Слова стали складными, я мог их уже расслышать. Чей–то ехидный голос говорил – забираем его, он наш, условие были нарушены… Голос громче, и более уверенно кричал – Не сметь! Мне трудно было понять о чем идет речь.

Внезапно перед моими глазами оказался мой знакомый – Смерть. Но мое сознание было настолько туманным, что мне удалось расслышать – Последний раз… Снисхождение за доброту… Лишь только… Я предупреждал.

А далее, тьма…

Обнаружив себя не на земле, а на полу моей родной каморки возле пианино, я задал себе мысленно риторический вопрос – что произошло? Я не знаю. Оказалось, что той ночью меня не было, узнал я это только утром. Почему? Потому что я утром проснулся. Да, скорее сказать, очнулся. Тем днем, я увидел краем взгляда Уильяма, он видел меня, но внимания не обращал. Мне это очень напоминало Глена при первой нашей встрече. Хотя нет, обознался, меня не видел, кажется, мне показалось. Чуть позже, мне в сознания пришли обрывки воспоминаний. Но они настолько были обрывочны, что, интерпретировать было сложно. Но да ладно, главное, что я не угодил в темное место, лучше прислушаться последних слов смерти и не лезть на рожон.

Я не сразу увидел, как за мной наблюдал мой друг.

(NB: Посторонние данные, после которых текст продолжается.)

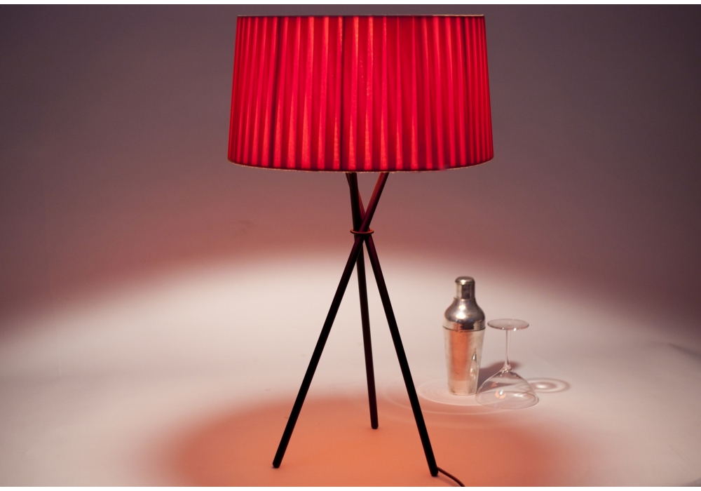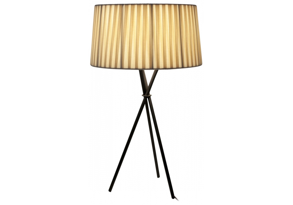 Tripode diseñada por Santa&Cole Team es una hermosa lámpara de mesa con estructura metálica y pantalla disponible en diferentes acabados. Estamos ante un haz de tres tubos negros unidos como un juego de palillos chinos, que levanta una amplia pantalla encintada. Encendida, la lámpara proporciona mucha y cálida luz, y apagada constituye una escultura volumétrica que dignifica el espacio. También disponible en 2 dimensiones.
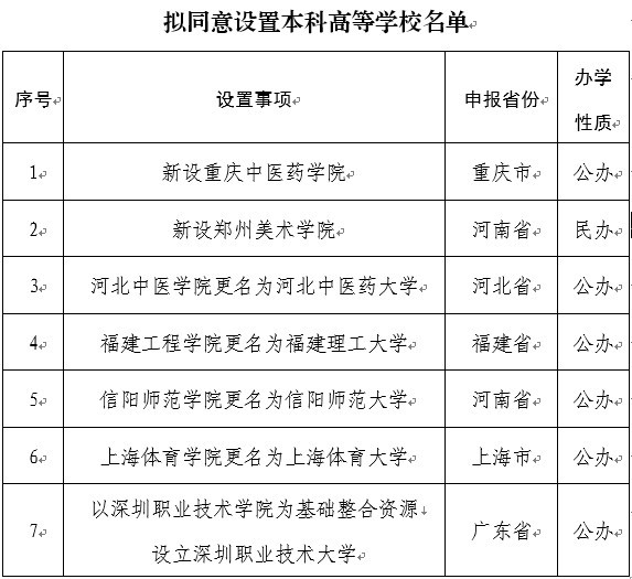 央視網(wǎng)消息:據(jù)教育部,根據(jù)《中華人民共和國高等教育法》《普通高等學校設置暫行條例》《普通本科學校設置暫行規(guī)定》《本科層次職業(yè)學校設置標準(試行)》等法律法規(guī)和規(guī)定,經(jīng)第八屆全國高等學校設置評議委員會專家考察評議,教育部黨組會議審議,擬同意設置重慶中醫(yī)藥學院等7所學校,現(xiàn)予公示。
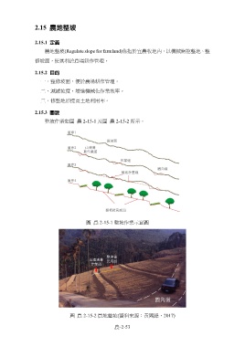 2.15 農地整坡 2.15.1 定義 農地整坡(Regulate slope for farmland)係指於宜農牧地內,以機械開挖整地、整 修坡面,使其利於農場耕作管理。 2.15.2 目的 一、整修坡面,便於農場耕作管理。 二、減緩坡度,增進機械化作業效率。 三、修整地形提高土地利用率。 2.15.3 圖說 整坡作業如圖 農 2-15-1 及圖 農 2-15-2 所示。 圖 農 2-15-1 整坡作業示意圖 圖 農 2-15-2 農地整坡(資料來源:黃國鋒,2017) 農-2-53
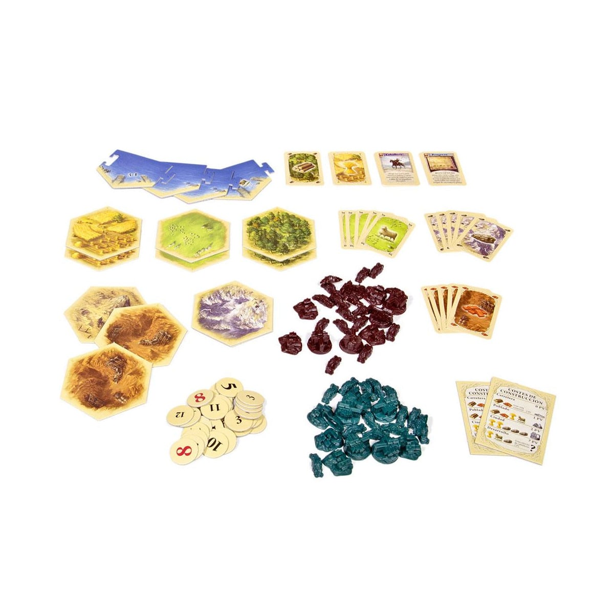 - Incluye 2 casillas de bosque, 2 casillas de pastos, 2 casillas de campo, 2 casillas de colinas, 2 casillas de montañas, 2 casillas de mar, 1 casilla de puerto, 1 casilla de puerto de lana, 1 casilla de desierto, 10 fichas de colonos, 8 fichas de ciudad, 30 fichas de camino, 25 cartas de recursos, 9 cartas de desarrollo y guía de juego
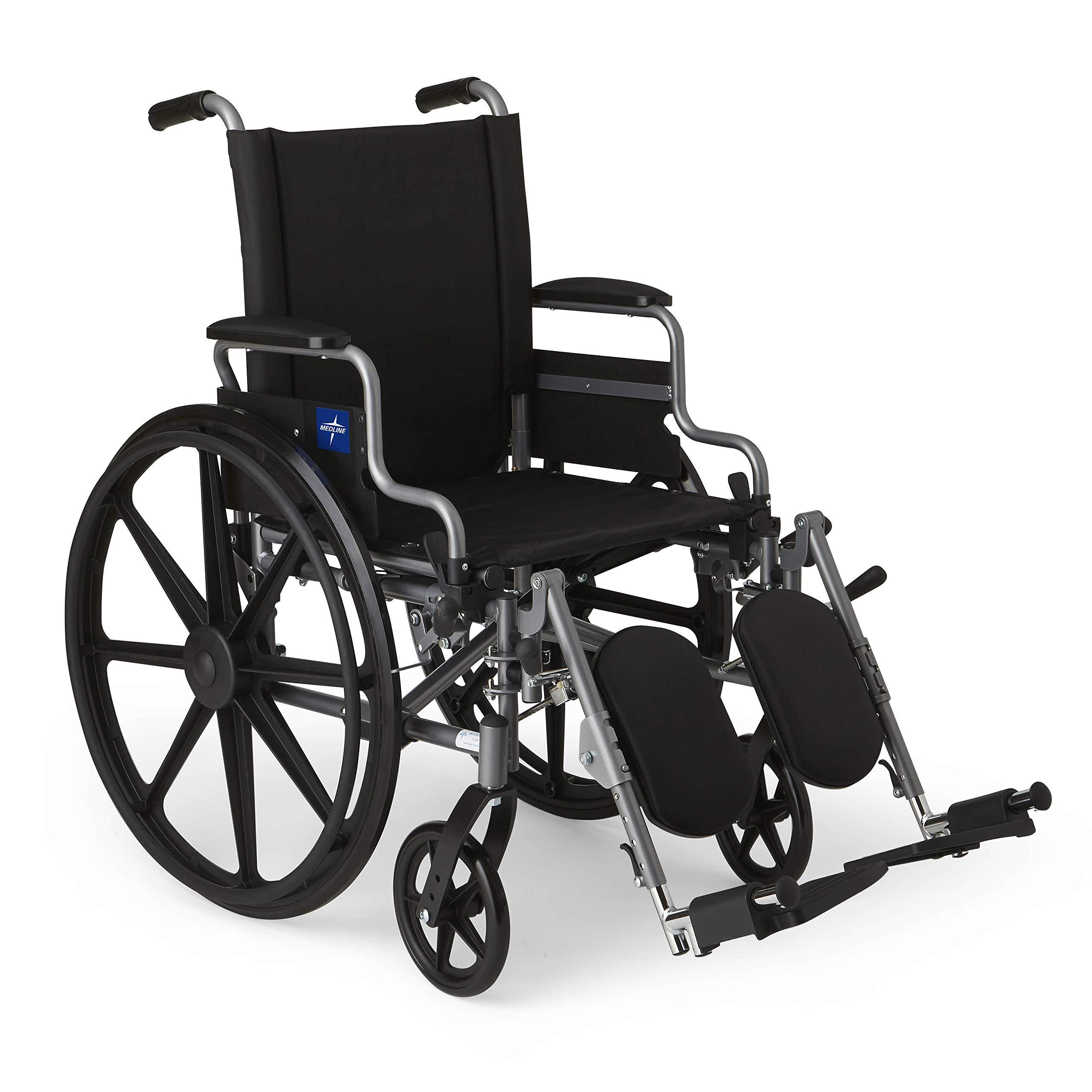 Rely on the Medline K4 Basic Lightweight Wheelchair for comfort, durability, and adjustability. This expertly crafted mobility aid features a 300 lbs. weight capacity to fit a range of users. The wheelchair is also designed with a dual axle, making it hemi-height adjustable to accommodate users of different heights. The wheelchair is designed with desk-length arms, making it easy to pull up to tables or desks, enhancing your accessibility and independence. The wheelchair's comfort is further enhanced by its nylon upholstery, which is not only comfortable, but also easy to clean and maintain. The Medline K4 Basic Lightweight Wheelchair is built to last, featuring a TIG-welded frame for enhanced durability. The frame is finished with a gray powder-coat, providing an extra layer of protection against wear and tear. To ensure a smooth and effortless ride, the wheelchair is fitted with solid flat-free tires. These tires are designed to roll smoothly over various surfaces, making it easy to navigate both indoor and outdoor environments. With the Medline K4 Basic Lightweight Wheelchair, you can enjoy a comfortable, durable, and adjustable mobility aid that meets your specific needs.
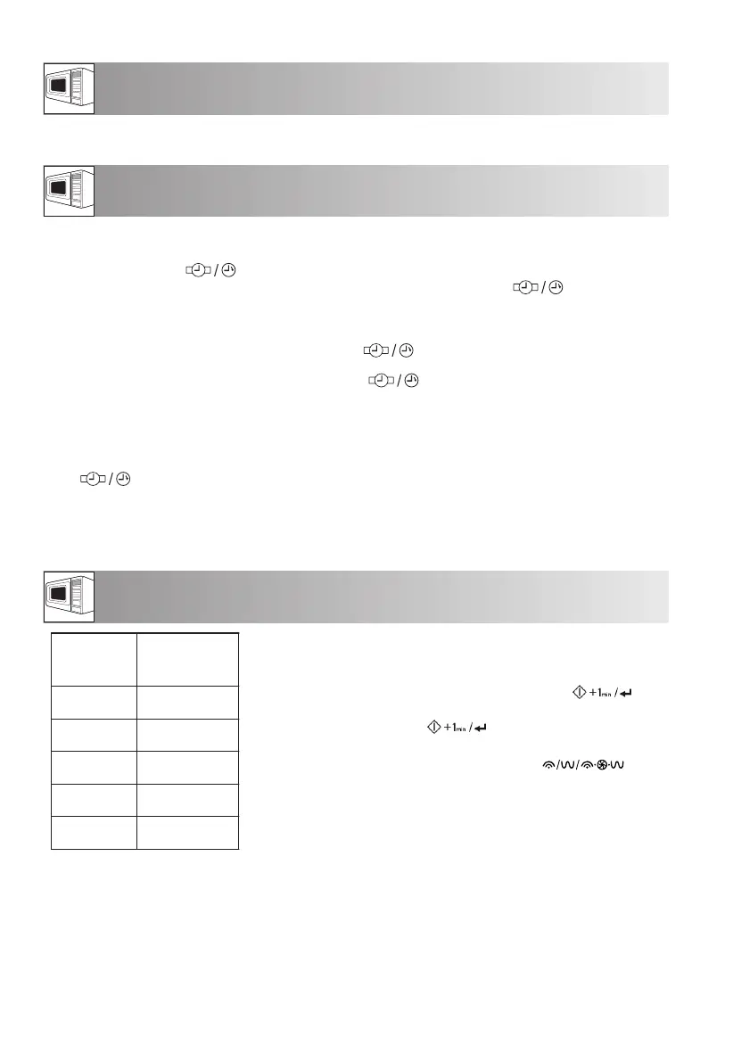 • For å se hvor mye klokken er under en tilberedningsprosess, trykk KLOKKESTILLING/KJØKKENTIDSUR-knap-

Глен смотрел на меня странно, в схожести трудно было его охарактеризовать, словно я заживо сгораю, в его глаза это буйство огненных красок невозможно было не заметить. Я очнулся не сразу, передо, мной что–то мелькало, какие–то темные пятна, взгляд был неясным. Само состояние мне было в радость, я будто снова почувствовал себя живым. И все равно, что я на земле желал, как после драки или вечеринке, главное, что я на мгновение снова почувствовал что–то телом, которого у меня давно не было. Даже легкие покалывания в голове были, хотя с закрытыми глазами, порой, проскальзывали образы места, в которое я угадил. Ощущение времени было потеряно, кто знает, сколько я на земле пролежал, была мысль, что вечность. Потом я вспомнил – ага, несколько часов точно.

– Нет…Дэвид…ты… – выронил фразу Глен, но последнее слово услышать не успел, снова на минуту отключился.

– Боже… сколько…ой…сколько времени прошло? – отходя от обморочного состояния, пытаюсь внятно спросить я. – Сколько часов я тут…?

– Какой, еще…часов? Ты что спишь что ли?

– Я? Бр…что?

– В смысле? Я прихожу, а ты тут…спишь! Никогда тебя спящим не видел! А ты что, спать можешь?

– В этом то и дело… –покрутил рукой, в процессе размышления, сказал я. – Нет…

Глава XII. Навсегда в моих мечтах

Чем ближе последний день учебы в 1999 году, тем больше нервы Глена подводили его. После прогона в зале, с учителями, мой друг сделался слишком суетливым и пугливым. Вернее, как сделался, он был таким всегда, но я рассчитывал, что это пройдет, неужели похвалы преподавателей не подействовали?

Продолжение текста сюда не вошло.